The aim has been clear since the beginning of the cooperation: to eliminate the remnants of the Communist bloc in Central Europe and to accomplish the necessary transformation to further European integration. V4 accessed the EU membership together on May the 1st 2004. Once the goal – EU and NATO membership – had been reached, the Visegrád group did not disappear, as it was and still is also a way for those 4 countries to have a bigger voice by cumulating their strengths. However, some uneasiness and gloom can now be felt in this axis connecting the Baltic, the Adriatic, and the Black Sea.

Relationship with the EU

The construction of the Nord Stream 2 pipeline, which is being opposed by several central and eastern Europeans as well as the United States, is a contentious subject for the V4. Its completion would bypass the V4 region, causing economic and geopolitical harm. It’s not only about falling income from gas transit fees to Western Europe; it’s also about the overall “geopolitical rent” for the Central European area, which would dwindle correspondingly as the present gas pipelines’ relevance decreases.

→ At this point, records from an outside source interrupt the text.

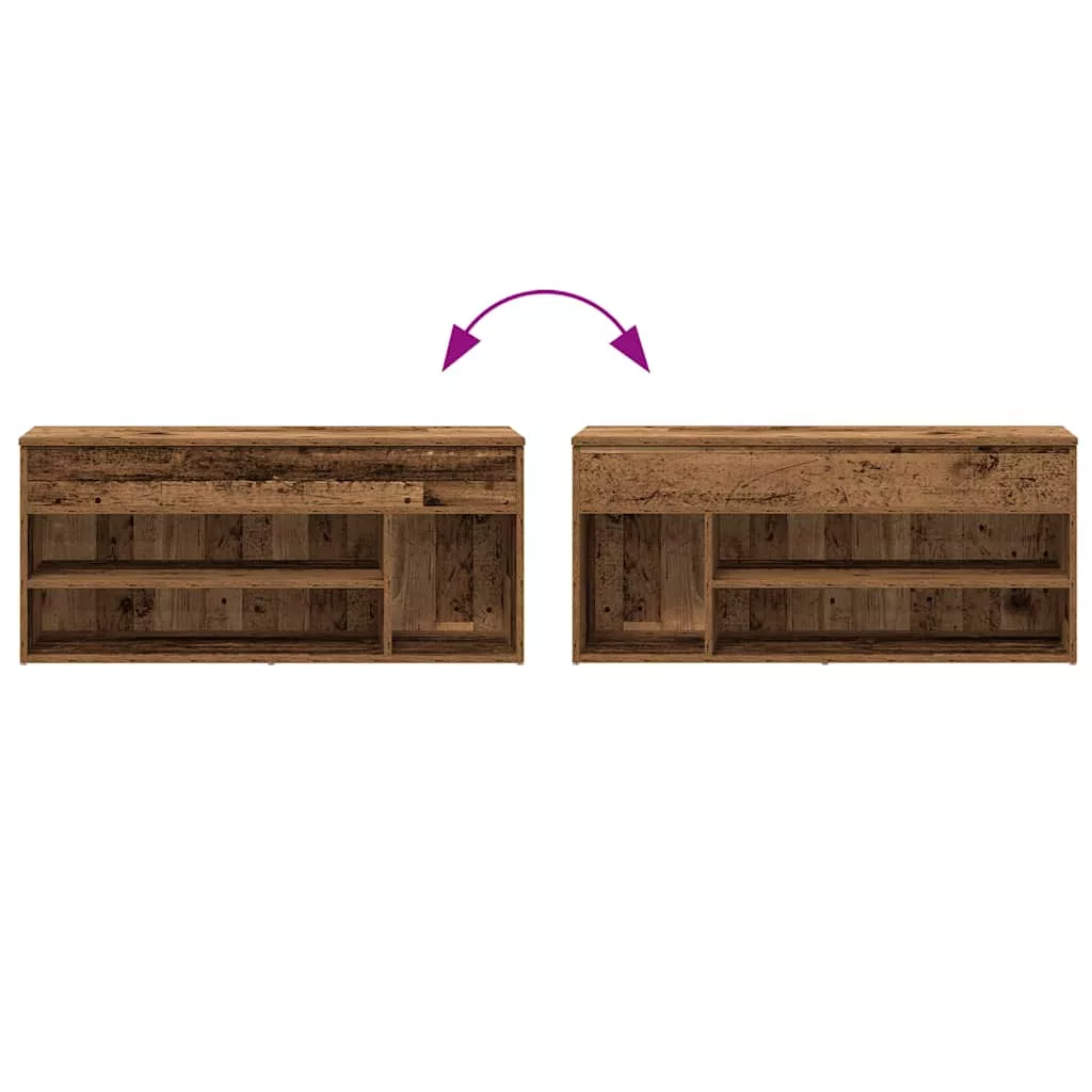 antik fa színű szerelt fa cipőtároló pad 102x30,5x45 cm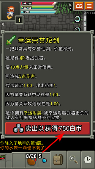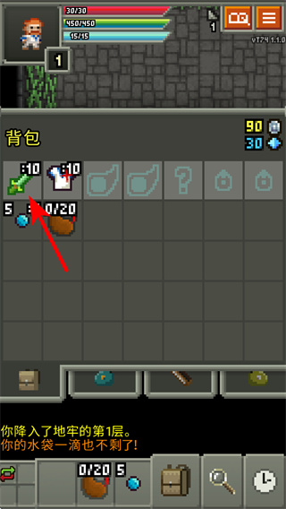 2、游戲中點(diǎn)擊背包內(nèi)的道具如武器,可將其裝備到角色身上,提升戰(zhàn)斗能力以應(yīng)對(duì)地牢敵人。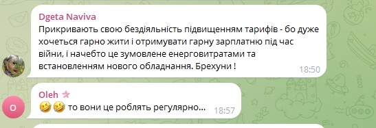 "Прикривають свою бездіяльність підвищенням тарифів — бо дуже хочеться гарно жити і отримувати гарну зарплатню під час війни, і начебто це зумовлене енерговитратами та встановленням нового обладнання. Брехуни"- пишуть користувачі.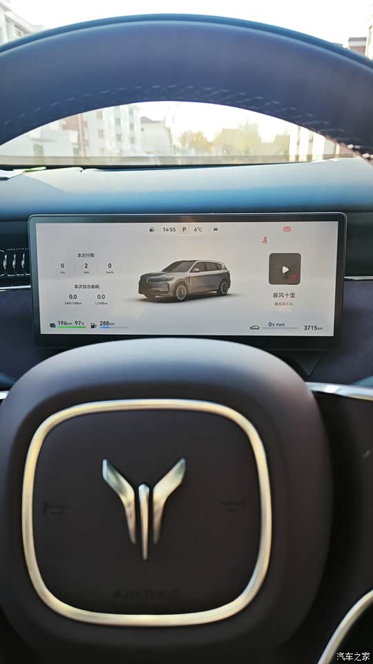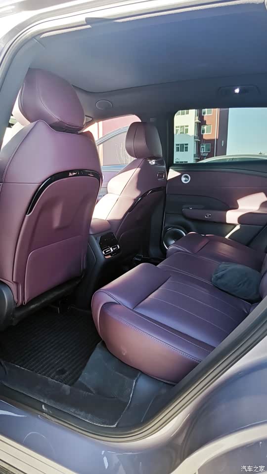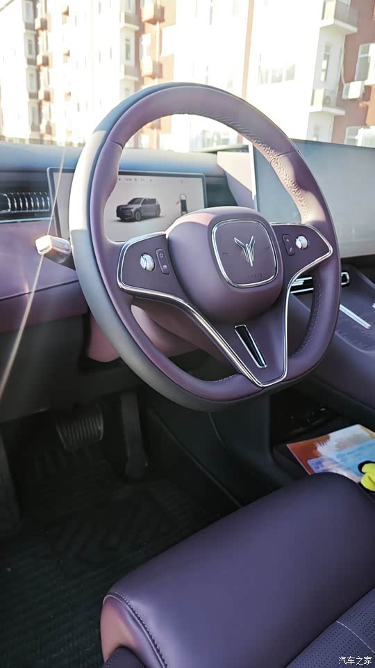 内饰挑了极光紫,跟外观来个对上眼,实车颜色比图片淡,偏灰的紫,铺在中控台和门板的仿麂皮摸着细,点缀的仿生桃木压着气场不浮,晚上开256色氛围灯,调一层淡淡的紫光,和座舱颜色一合,车里气氛就对了,能摸到的地方基本都是软包,做工缝线走得齐,方向盘加热和座椅加热反应很快,冬天上车没多久就暖起来,热起来的速度有点猛,我怕热,跑一会儿就用语音关掉。

In Brussels, “Europe” usually means Western Europe. Yet V4countries are, in terms of national progress, becoming the equals of, and even superior to, France and Germany—two EU founders and its two largest, wealthiest members. Recent statistical measures of economic growth, employment, and terrorism all show that four ex-Soviet satellites on the EU’s eastern frontier demonstrate better performance than France or Germany in almost every benchmark metric.


The gross domestic product (GDP) of the V4 grew an average of 4.3 percent in 2018, compared to 1.6 for France and Germany. In both Hungary and Poland, the growth of GDP was 5.1 percent, more than three times the average rate for France and Germany. The worst growth rate among the V4—Czechia’s 3.0 percent—was still double Germany’s growth rate. Given Germany’s stellar reputation as Europe’s economic powerhouse, this is significant. Yet inflation remained mild across all four Visegrád countries, ranging from 1.7 percent in Poland to 2.9 percent in Hungary.

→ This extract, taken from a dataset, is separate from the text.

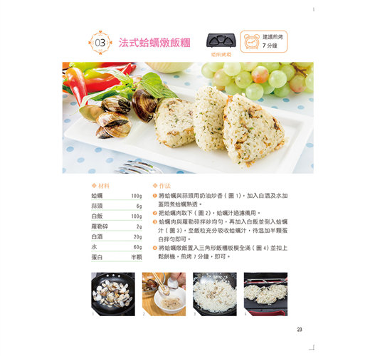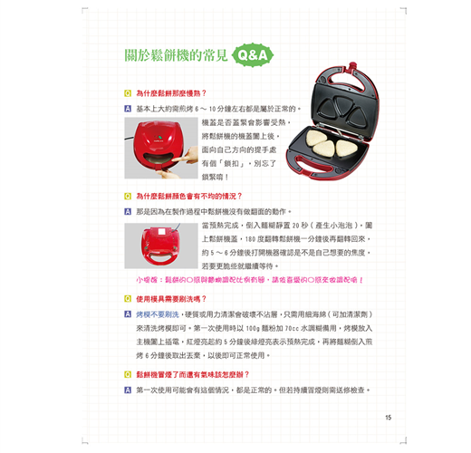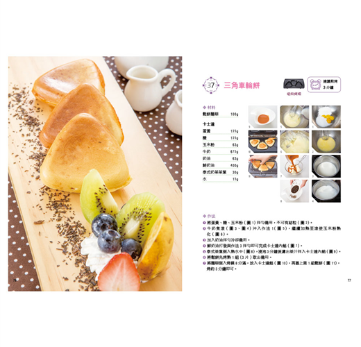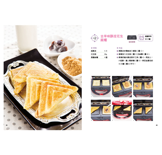 教你用八種模具做出47道甜點,XO櫻花蝦翡翠大阪燒、西班牙烘蛋牛角三明治、草莓起酥千層、焦糖蘋果、荷蘭銅鑼燒……你意想不到的變化,只需要一台鬆餅機就能完成百變料理,讓你擺脫格子造型的傳統印象,誰說鬆餅只有格子狀呢?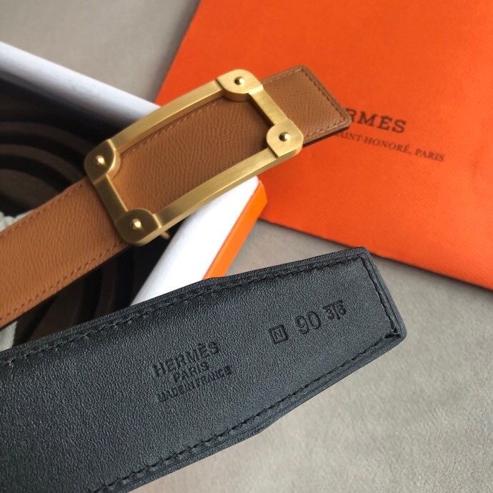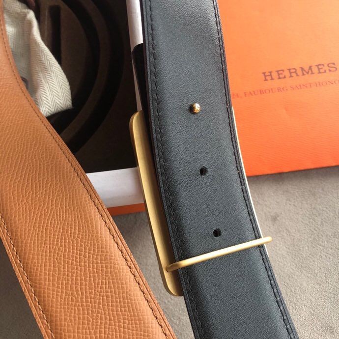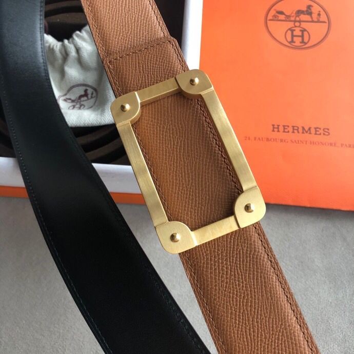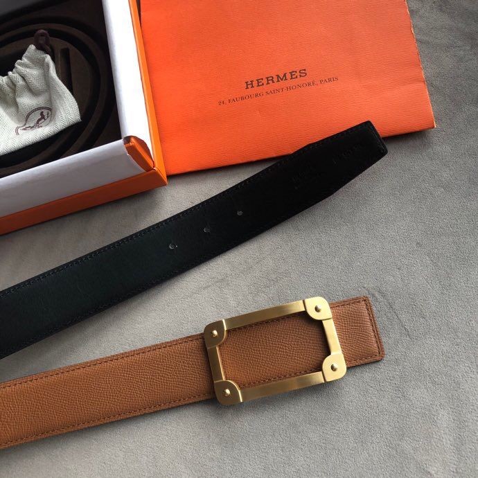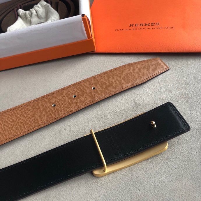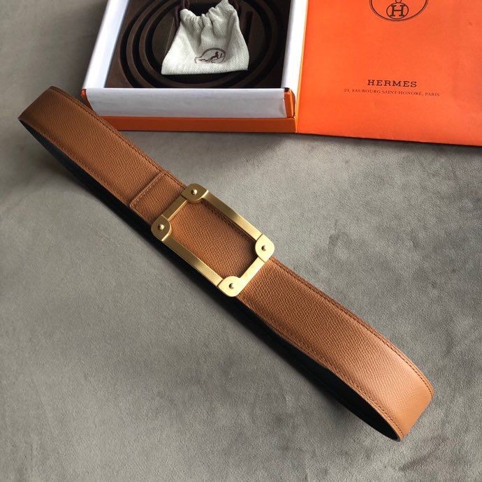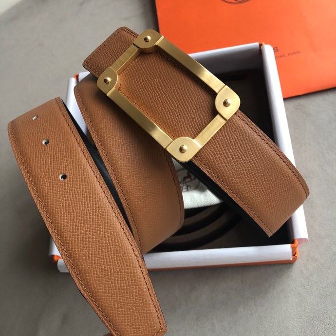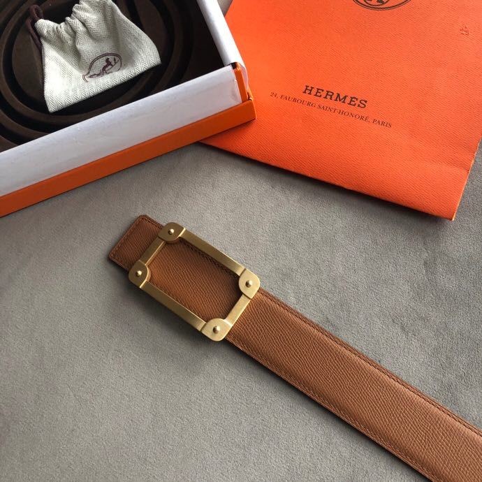 Hermes Stainless steel box hanging buckle leather men s 3.8cm belt

Western Europe still sports larger economies, higher incomes, and longer life expectancies, but these represent a fading legacy of decades of prosperity and peace that was denied to the EU’s eastern members. The indicators, in which some CEE states still lag, like corruption or pollution, are similarly an inheritance of ex-communist rule. Pre-pandemic economic and social progress looked very good for Czechia, Hungary, Poland, and Slovakia, and troubling for Germany and France. If these trends resume—and there is no reason to think they won’t—the East will soon outshine the West.

Despite the fact that Germany is the largest net contributor of EU funds, its economy has benefited the most under the euro, gaining €1.9 trillion from 1999 and 2007, or about €23,000 per German. Berlin’s economy benefits from the EU’s euro zone in many ways, according to Bertelsmann Stiftung, a respected German think-tank. By 2025, the benefits could amount to €170 billion more for Germany. Observers often refer to the V4 as “two plus two,” because of their differing attitudes to European integration. Czechia and Slovakia are more Europe-friendly than Poland and Hungary, which are far more eurosceptic.

Conclusion

The V4 do not share the post-World War II view of the EU embraced by dominant decision-makers in Western Europe, such as France, and Germany. Hungary and Poland’s authorities have generated front-page headlines in recent months for disregarding EU regulations. Their vision for Europe is for a robust and strong nation-state. The V4 has emerged as a non-institutional organization but is increasingly present as a separate agent in European and global politics. The upcoming year, with all its challenges, will certainly reveal more about this partnership. Central Europe needs to be strong within the European Union, and this requires a functioning Visegrád, and the willingness to find common results.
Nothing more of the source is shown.